▸ **Instructions for the task**
Everything in the records except the pictures needs to be printed again exactly.

Content starts

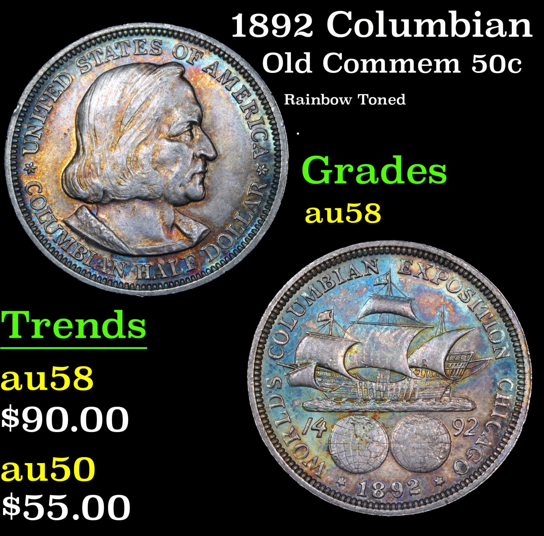 1892 Columbian Rainbow Toned . Old Commem Half Dollar 50c Grades Choice AU/BU Slider. The Columbus Half Dollar along with the Isabella Quarter were Minted in Honor of the 400th Anniversary of Columbus' Voyage to the New World. It was First Distributed at the Worlds Fair Honoring that Voyage. When Examining a Columbian Exposition Half Dollar, the First Points to Show Wear are ColumbusÕ Eyebrow, Cheek and the Hair Behind his Forehead and Jaw. On the Reverse, Check the Foresail and Sainsail, as well as the Right Side of the Eastern Hemisphere.
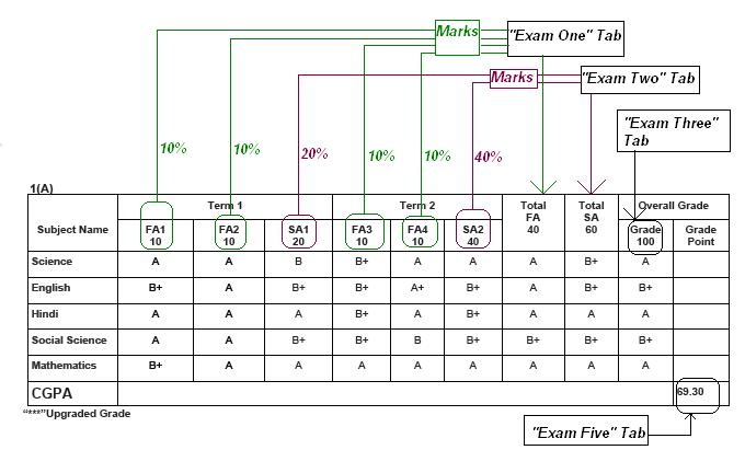 From FA3 and FA4 we are considering 10% of marks (Maximum marks of 25) and  from SA2 we are considering 30% of marks (Maximum marks of 50) and we are converting it to a scale of 100 in order to display the corresponding grade in the report card.
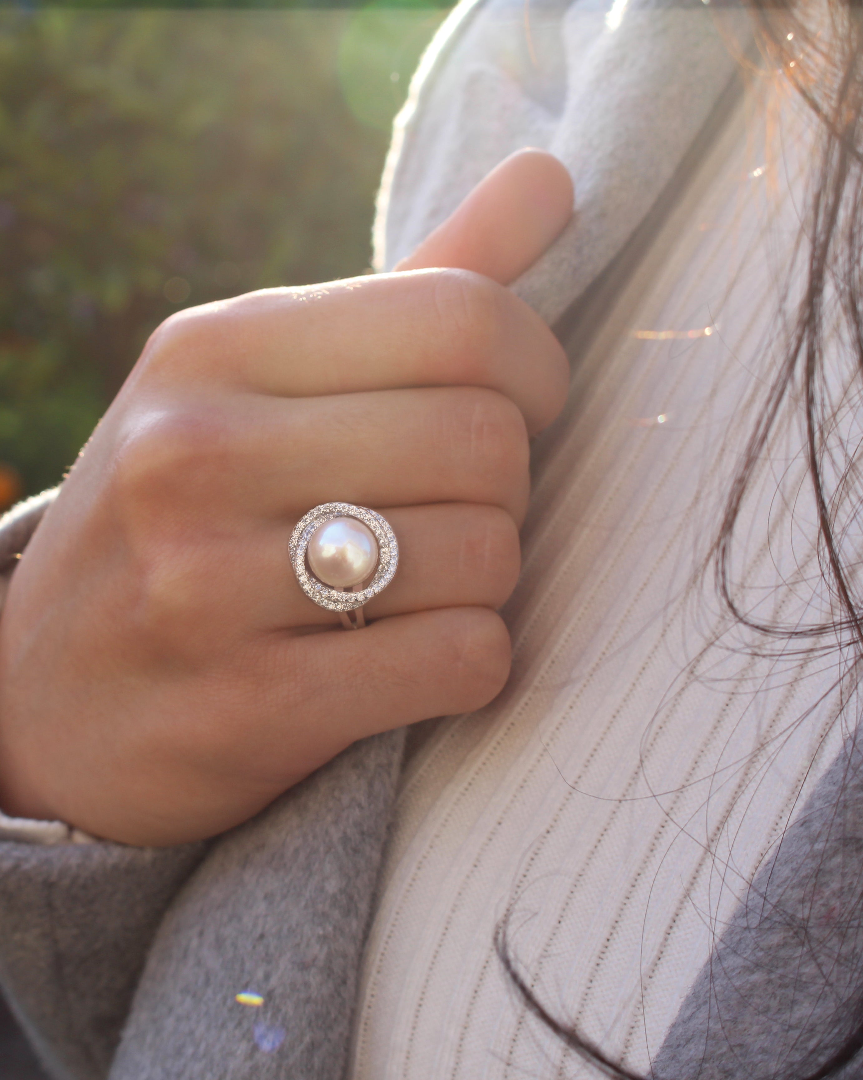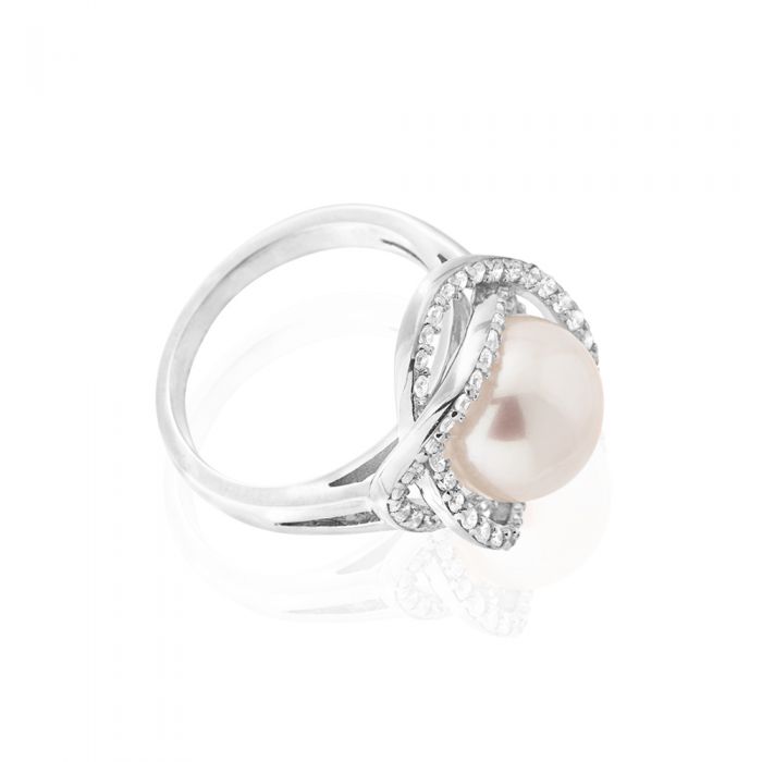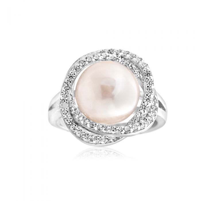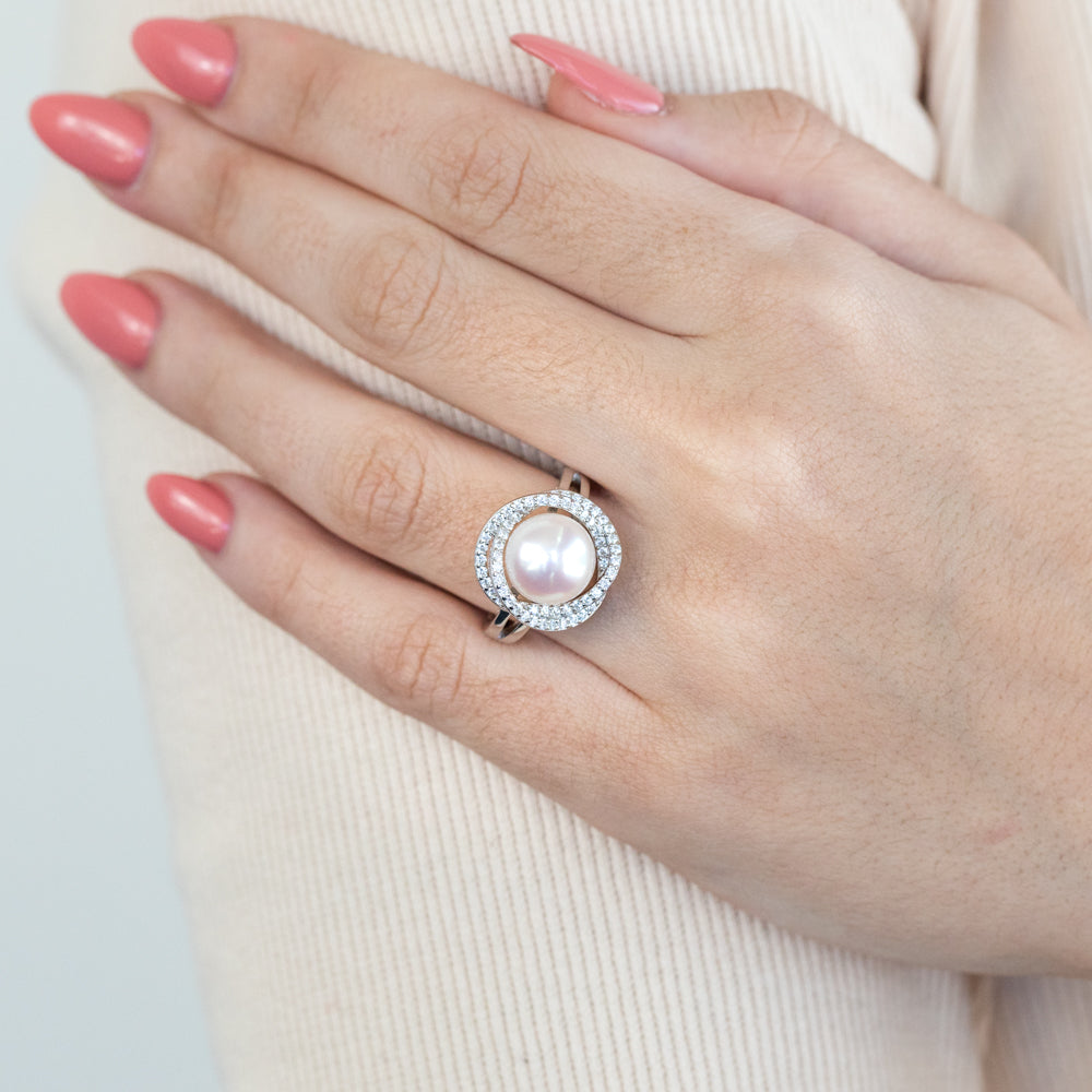 Sterling Silver Cubic Zirconia Freshwater Pearl Ring
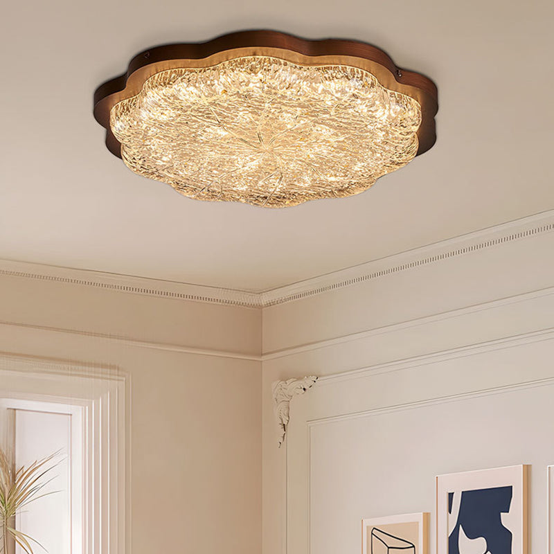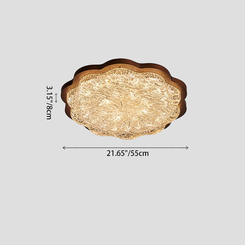 Contemporary Luxury Gold Foil Resin Flower Shade LED Flush Mount Ceiling Light For Living Room
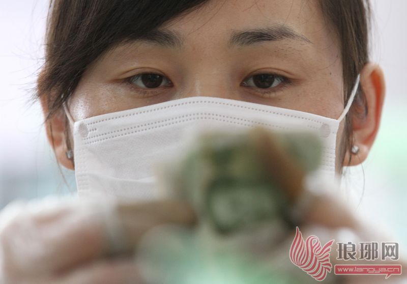 点钞员戴着口罩,一丝不苟地在工作。
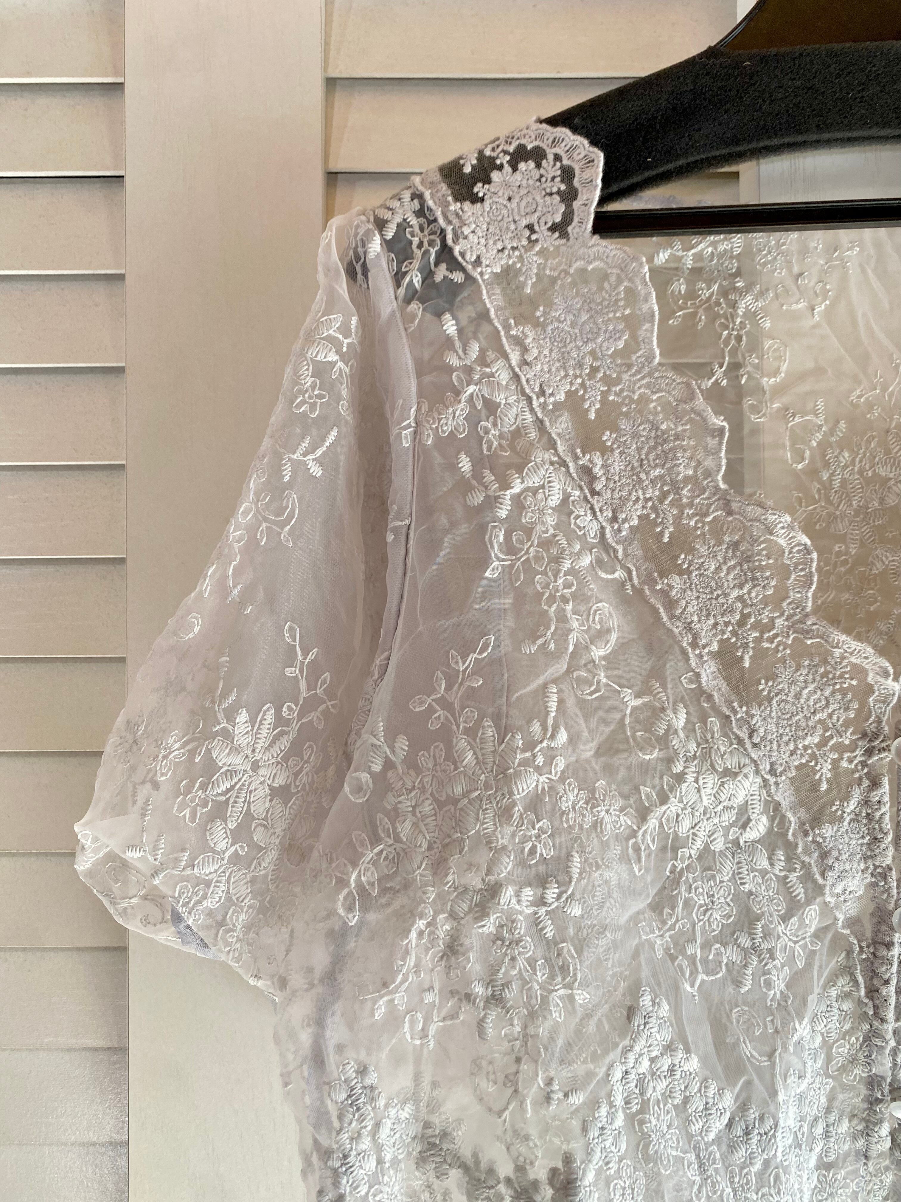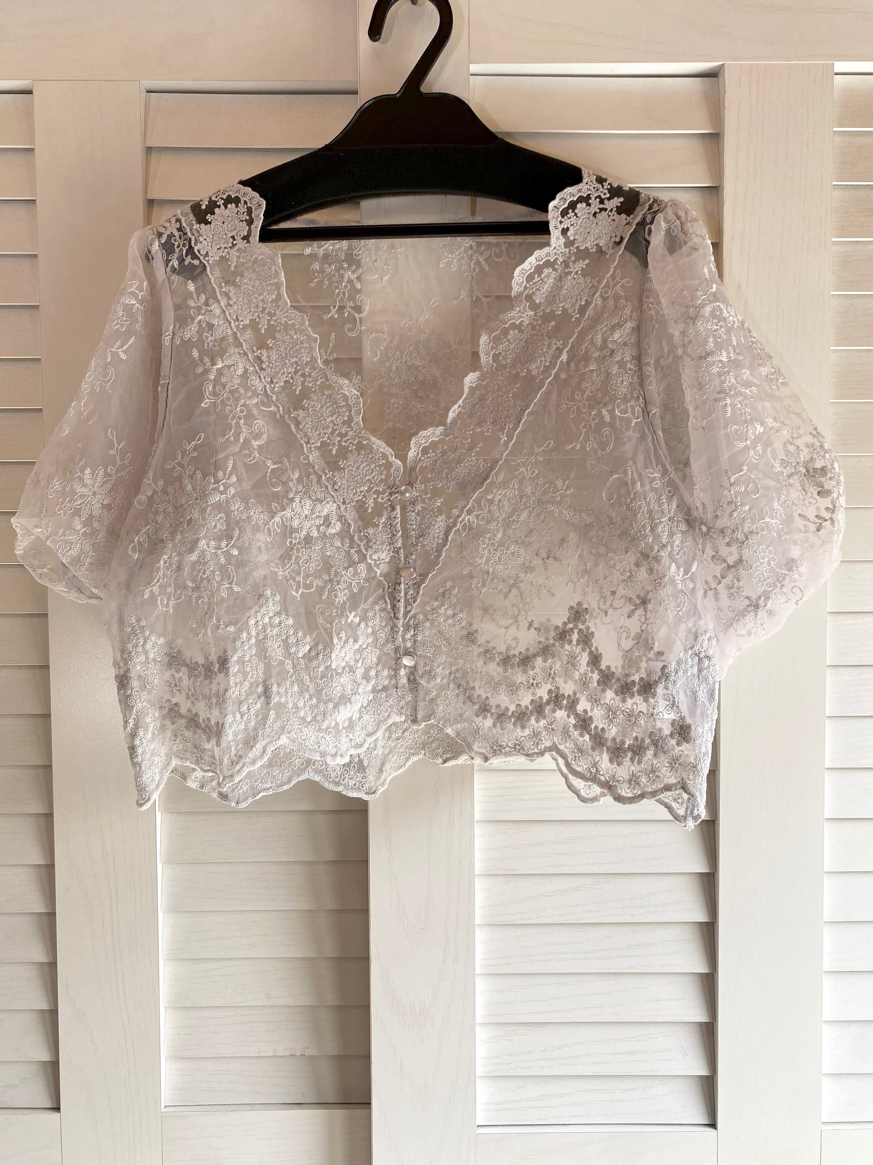 #79 ems excite 刺繍オーガン ボリュームスリーブ ボレロブラウス ライトグレー
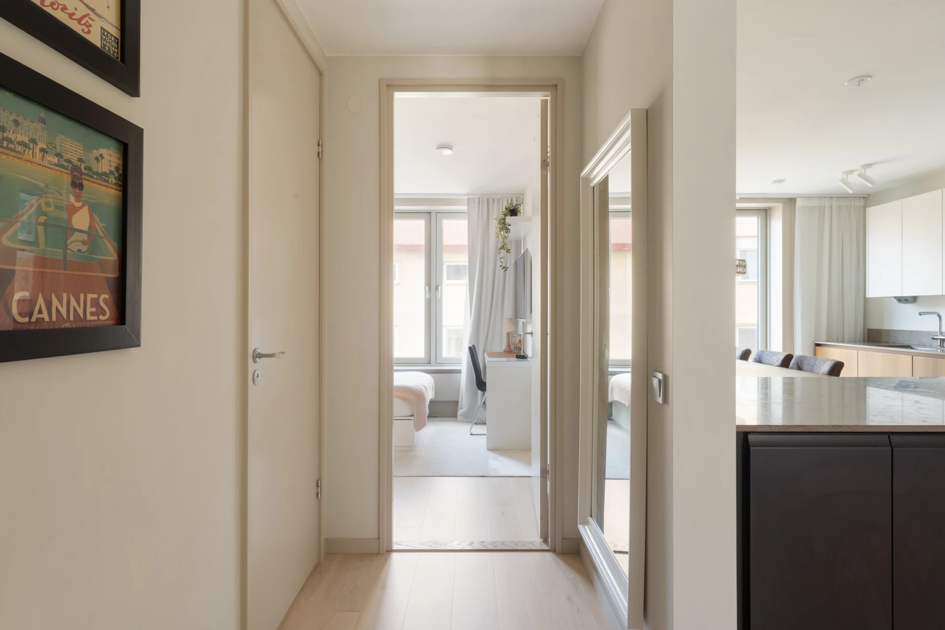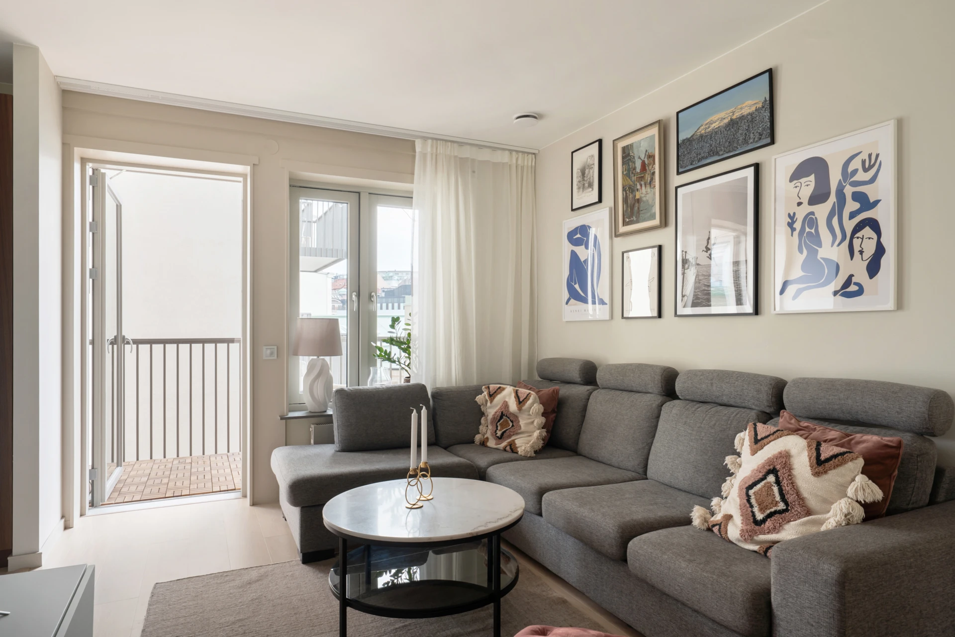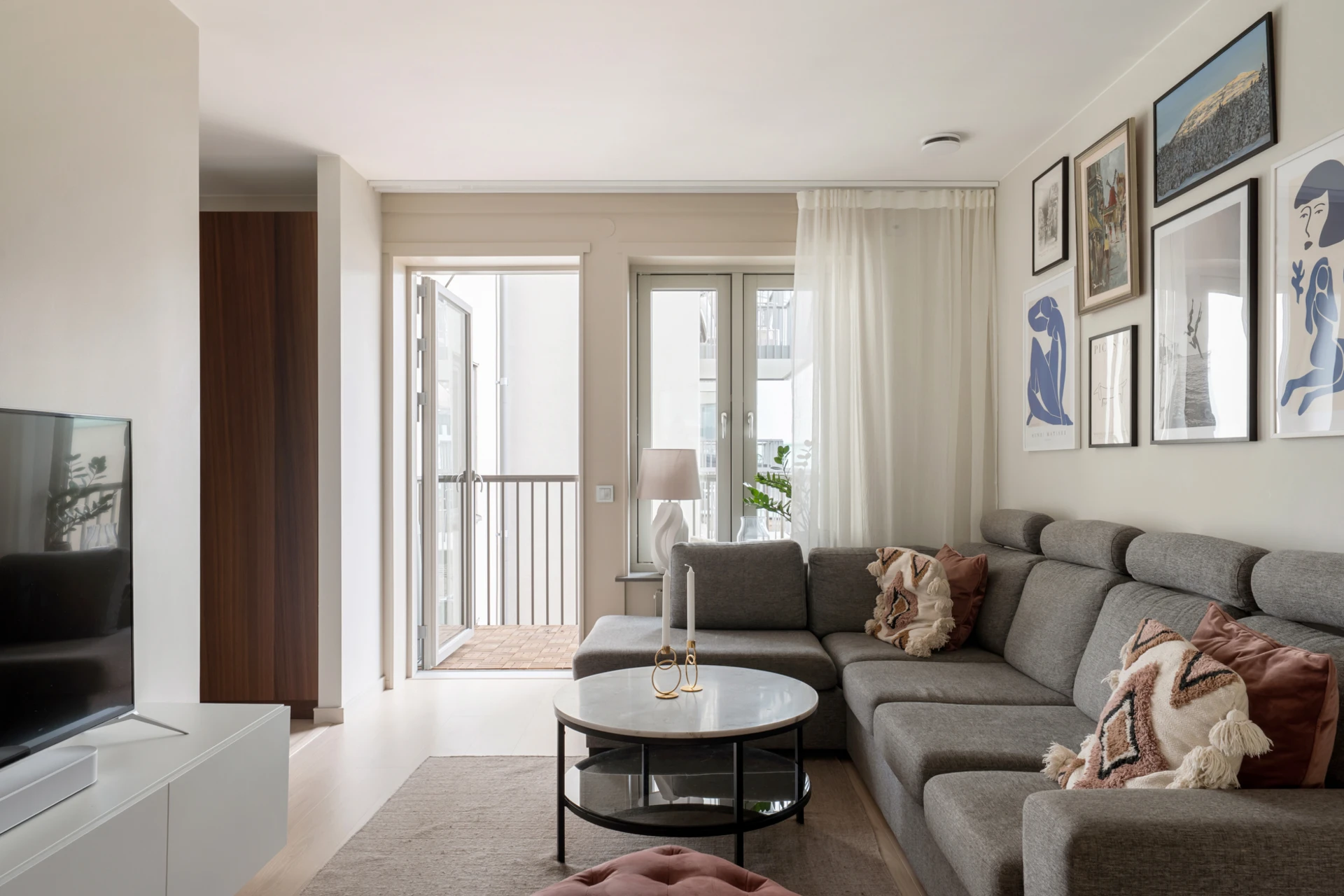 Ljus enstavsparkett och ljusa väggar. Här finns plats för soffgrupp med tillhörande möblemang. Härifrån nås hemmets balkong i norrläge.

Content ends

▸ **Answer area**
 1892 Columbian Rainbow Toned . Old Commem Half Dollar 50c Grades Choice AU/BU Slider. The Columbus Half Dollar along with the Isabella Quarter were Minted in Honor of the 400th Anniversary of Columbus' Voyage to the New World. It was First Distributed at the Worlds Fair Honoring that Voyage. When Examining a Columbian Exposition Half Dollar, the First Points to Show Wear are ColumbusÕ Eyebrow, Cheek and the Hair Behind his Forehead and Jaw. On the Reverse, Check the Foresail and Sainsail, as well as the Right Side of the Eastern Hemisphere.
 From FA3 and FA4 we are considering 10% of marks (Maximum marks of 25) and  from SA2 we are considering 30% of marks (Maximum marks of 50) and we are converting it to a scale of 100 in order to display the corresponding grade in the report card.
 Sterling Silver Cubic Zirconia Freshwater Pearl Ring
 Contemporary Luxury Gold Foil Resin Flower Shade LED Flush Mount Ceiling Light For Living Room
 点钞员戴着口罩,一丝不苟地在工作。
 #79 ems excite 刺繍オーガン ボリュームスリーブ ボレロブラウス ライトグレー
 Ljus enstavsparkett och ljusa väggar. Här finns plats för soffgrupp med tillhörande möblemang. Härifrån nås hemmets balkong i norrläge.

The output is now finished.